This article explains the key concepts of Kubernetes that you’ll need to work with Managed Kubernetes. If you’re already familiar with Kubernetes, skip ahead to creating a cluster.
The complete Kubernetes documentation is available on the official website.
What is Kubernetes
Kubernetes (K8s) is a platform for automating the deployment, scaling, and management of containerized applications.
Instead of manually starting an application on a specific server, monitoring its status, and restarting it in case of failures, you describe the desired state (how many instances of the application should be running, how many resources to allocate, how to handle traffic), and Kubernetes maintains that state automatically.
Containers
A container is an isolated environment for running an application. The application itself is packaged into the container along with all its dependencies: libraries, configuration, and runtime environment. As a result, with Kubernetes containers, the application behaves identically regardless of where it is run, on a developer’s local machine or on a server in a cloud infrastructure.
Containers are created from images.
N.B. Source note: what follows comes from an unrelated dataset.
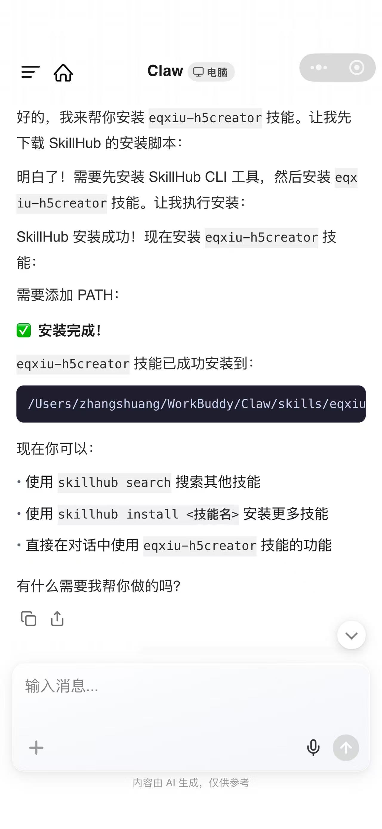 本教程以 WorkBuddy 为例,带你快速完成 H5 Skill 的安装与使用。如果你使用的是其他支持 Skill 的 AI 助手,也可以参考同样的思路操作。

An image is a template used to run a container. The most common format is Docker images.
Cluster
A Kubernetes cluster is a set of servers (nodes) grouped together to jointly run containerized applications. A cluster consists of two types of components:
- Control plane (Master nodes) – components that manage the cluster’s state: they receive requests, distribute the load, and monitor the status of applications. The control plane Kubernetes is fully managed by the platform.
- Worker nodes – servers on which your applications actually run.
Node
A node is an individual server within a cluster. There are two types of nodes:
Master node – a server in the control plane. It runs the Kubernetes components responsible for coordinating the cluster:
- API server – accepts commands (for example, from `kubectl`, the command-line tool for managing Kubernetes)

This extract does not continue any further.